I recently was interviewed by for an article about a Microsoft-funded study conducted by Security Innovation, Inc. The study concluded that Windows is more secure than Linux, a conclusion based mainly on frequency of security bugs and mean time to issue patches. I believe I correctly criticized the study for looking only at these easily quantifiable aspects of security and not taking into consideration Linux's other security advantages, such as customizability and greater choice of software packages. In other words, I felt the study had the most relevance when comparing default installation scenarios, irrespective of each OS' potential for being secured by its users.

But the more I think about it, the more I worry that perhaps a platform's security potential doesn't count unless most systems running that platform actually reach that potential. This isn't strictly a function of end-user behavior; I'm not trying to impugn system administrators.

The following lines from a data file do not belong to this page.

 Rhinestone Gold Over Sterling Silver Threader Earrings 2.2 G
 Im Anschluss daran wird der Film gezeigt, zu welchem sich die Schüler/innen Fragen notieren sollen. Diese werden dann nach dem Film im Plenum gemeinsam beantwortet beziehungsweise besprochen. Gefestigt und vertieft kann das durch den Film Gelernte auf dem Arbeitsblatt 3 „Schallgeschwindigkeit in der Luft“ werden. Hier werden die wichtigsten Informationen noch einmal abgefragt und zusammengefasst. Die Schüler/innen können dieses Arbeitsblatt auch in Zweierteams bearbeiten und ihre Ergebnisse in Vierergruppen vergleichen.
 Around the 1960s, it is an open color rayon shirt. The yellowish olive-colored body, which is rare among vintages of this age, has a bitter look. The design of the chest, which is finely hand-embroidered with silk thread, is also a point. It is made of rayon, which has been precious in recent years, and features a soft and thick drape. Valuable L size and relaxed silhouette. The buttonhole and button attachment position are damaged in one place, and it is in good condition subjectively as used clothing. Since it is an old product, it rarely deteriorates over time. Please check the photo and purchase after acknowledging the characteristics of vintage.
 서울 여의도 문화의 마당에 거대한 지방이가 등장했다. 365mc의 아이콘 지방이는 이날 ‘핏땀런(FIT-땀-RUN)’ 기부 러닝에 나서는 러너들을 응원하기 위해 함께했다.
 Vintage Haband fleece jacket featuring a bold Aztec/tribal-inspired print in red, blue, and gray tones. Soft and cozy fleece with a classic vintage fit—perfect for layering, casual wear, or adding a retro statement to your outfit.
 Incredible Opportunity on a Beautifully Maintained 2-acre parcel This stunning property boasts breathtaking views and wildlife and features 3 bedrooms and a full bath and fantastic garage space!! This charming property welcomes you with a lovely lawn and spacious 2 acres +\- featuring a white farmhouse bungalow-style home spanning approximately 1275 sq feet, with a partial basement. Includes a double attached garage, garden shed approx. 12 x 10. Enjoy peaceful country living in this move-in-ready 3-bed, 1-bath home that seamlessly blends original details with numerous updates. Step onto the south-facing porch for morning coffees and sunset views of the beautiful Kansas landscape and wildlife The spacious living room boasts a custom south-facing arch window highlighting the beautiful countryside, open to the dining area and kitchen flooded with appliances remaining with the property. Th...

As I elaborate later, I think Linux's developers and distributors must continue to figure out ways to make security features more ubiquitous, transparent and easy to configure and use. By the way, because I'm comparing Linux with Windows, in fairness I should point out that Windows too has many security features that its users often do not take advantage of.

Okay, Linux and Windows both are much less secure by default than they could be, and both are subject to an unwinnable race between software bugs and security patches. What else are we up against?

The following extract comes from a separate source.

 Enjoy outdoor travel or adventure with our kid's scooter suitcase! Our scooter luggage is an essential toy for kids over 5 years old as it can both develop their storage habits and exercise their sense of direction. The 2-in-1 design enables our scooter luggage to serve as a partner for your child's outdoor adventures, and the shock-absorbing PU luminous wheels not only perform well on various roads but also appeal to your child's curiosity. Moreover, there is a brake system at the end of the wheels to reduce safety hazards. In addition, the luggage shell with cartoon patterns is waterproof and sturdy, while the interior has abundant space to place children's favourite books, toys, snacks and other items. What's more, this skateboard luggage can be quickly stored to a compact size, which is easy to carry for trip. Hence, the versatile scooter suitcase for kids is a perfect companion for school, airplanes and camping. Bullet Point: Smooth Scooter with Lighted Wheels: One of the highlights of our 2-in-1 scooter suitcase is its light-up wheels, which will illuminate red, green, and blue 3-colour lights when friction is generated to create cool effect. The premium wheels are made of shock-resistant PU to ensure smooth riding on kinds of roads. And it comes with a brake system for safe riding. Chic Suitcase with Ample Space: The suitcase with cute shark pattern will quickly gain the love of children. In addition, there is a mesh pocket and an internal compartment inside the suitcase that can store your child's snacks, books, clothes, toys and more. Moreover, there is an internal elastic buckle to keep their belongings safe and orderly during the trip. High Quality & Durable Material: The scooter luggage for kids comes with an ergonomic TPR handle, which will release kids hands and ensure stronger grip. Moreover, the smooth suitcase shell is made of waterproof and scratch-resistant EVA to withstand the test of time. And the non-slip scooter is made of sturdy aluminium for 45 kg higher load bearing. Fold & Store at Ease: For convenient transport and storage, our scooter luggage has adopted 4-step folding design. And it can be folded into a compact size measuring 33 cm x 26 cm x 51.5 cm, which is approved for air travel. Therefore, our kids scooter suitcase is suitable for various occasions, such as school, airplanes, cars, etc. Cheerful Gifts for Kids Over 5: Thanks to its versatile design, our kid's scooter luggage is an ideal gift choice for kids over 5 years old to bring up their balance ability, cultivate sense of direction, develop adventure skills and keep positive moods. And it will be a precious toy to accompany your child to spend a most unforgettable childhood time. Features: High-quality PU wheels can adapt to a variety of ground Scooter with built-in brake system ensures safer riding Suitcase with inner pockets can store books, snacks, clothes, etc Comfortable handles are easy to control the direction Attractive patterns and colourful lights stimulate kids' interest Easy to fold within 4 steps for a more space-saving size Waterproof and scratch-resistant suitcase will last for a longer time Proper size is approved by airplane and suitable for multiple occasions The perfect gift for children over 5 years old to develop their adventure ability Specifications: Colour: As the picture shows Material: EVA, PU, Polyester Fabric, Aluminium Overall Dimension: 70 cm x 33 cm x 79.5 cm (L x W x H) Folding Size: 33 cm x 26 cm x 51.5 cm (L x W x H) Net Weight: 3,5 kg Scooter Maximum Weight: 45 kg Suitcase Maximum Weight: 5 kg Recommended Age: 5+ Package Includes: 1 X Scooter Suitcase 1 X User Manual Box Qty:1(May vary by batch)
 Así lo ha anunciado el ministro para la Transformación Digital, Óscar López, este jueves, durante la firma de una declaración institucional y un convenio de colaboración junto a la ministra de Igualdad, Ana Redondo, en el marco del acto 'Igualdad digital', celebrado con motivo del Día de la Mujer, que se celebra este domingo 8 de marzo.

Alas, both operating systems use a rather primitive discretionary access control model in which entire categories of security settings and behaviors are optional. In this model, one superuser account—root in Linux, Administrator in Windows—has god-like power over the entire system, including other users' files. In both OSes, group memberships can be used to create different levels of access, say, to delegate various root powers. In practice, however, on most systems you have to be logged on as the superuser or temporarily become that user in order to do anything important.

As a result, gaining complete control over any Linux or Windows system is a matter of compromising any process running with superuser privileges. But wait, you say, I've configured my important dæmons to run as unprivileged users; bugs in those dæmons can't lead to total compromise, can they? No, not directly, but bugs in other software may make it possible for a non-root process to escalate its privileges. For example, suppose you've got a Web server running Apache, and one day an attacker manages to exploit an unpatched Apache buffer overflow vulnerability that results in the attacker getting a shell session on your server. At this point, the attacker is running as www, because that's the user Apache is running as. But suppose further that this system also has an unpatched kernel vulnerability that involves local privilege escalation.

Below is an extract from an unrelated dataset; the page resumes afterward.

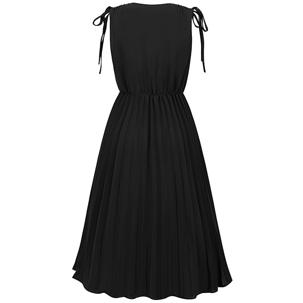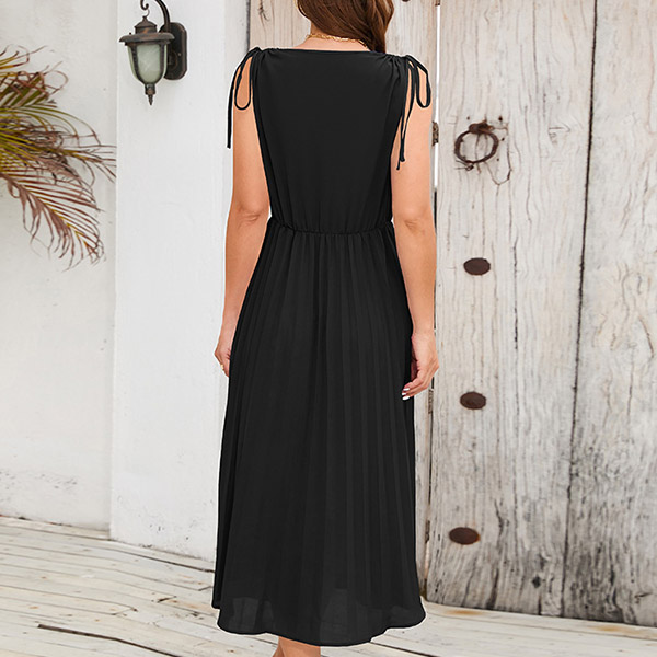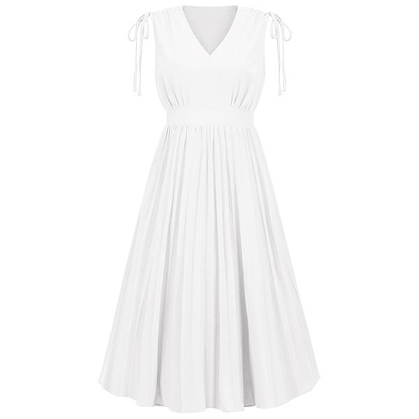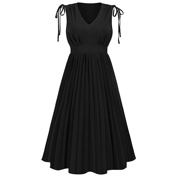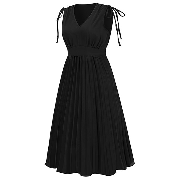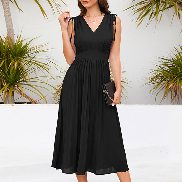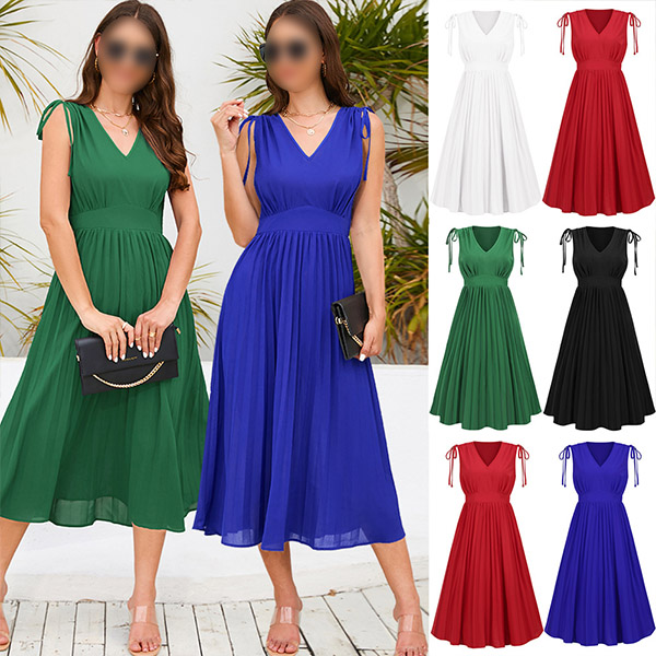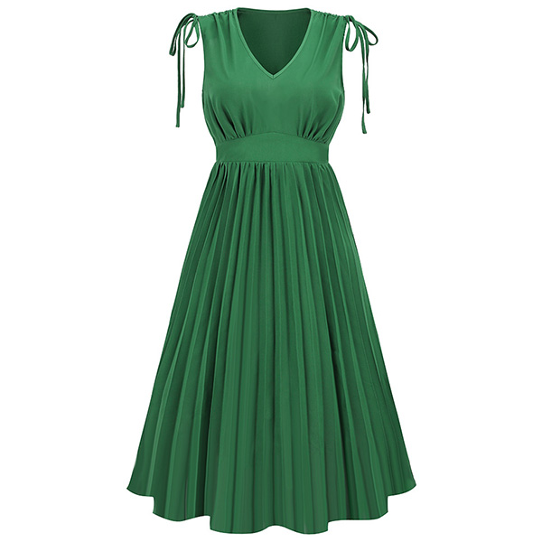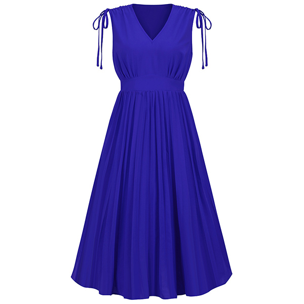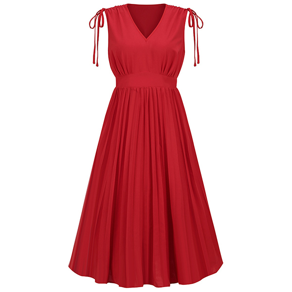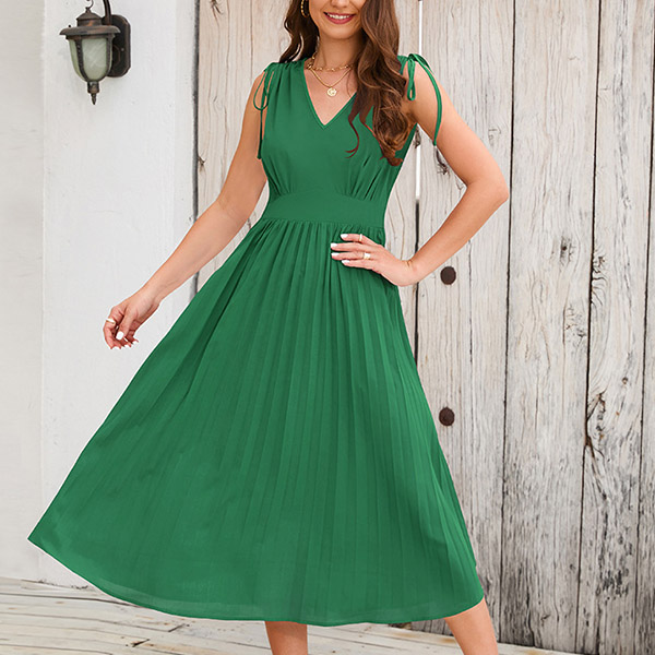 How about this dress? The solid color design is accented by a flattering V-neck cut, creating a timeless and chic look. The pleated design adds movement and volume, while the fitted bodice and flowy skirt create a flattering silhouette.

You, the system administrator, may even know about this vulnerability but have opted not to patch it, because after all, it's strictly a local vulnerability, and nobody besides you has a shell account on this system, and who wants to have to reboot after patching the kernel? But now a remote attacker does have local shell access, and if she successfully exploits this kernel vulnerability, she's root! This all-too-common scenario illustrates that bugs are bad enough, but they're even worse when combined with a root-takes-all security model.

This, in a verbose nutshell, is the present state of Linux security. Securing Linux requires us to expend considerable effort to take full advantage of sometimes-complicated security features that usually are not enabled by default, to keep absolutely current on all security patches, and to do all of this within the limitations of Linux's simple security model. But we're in good company: most commonly used contemporary operating systems have exactly the same limitations and challenges.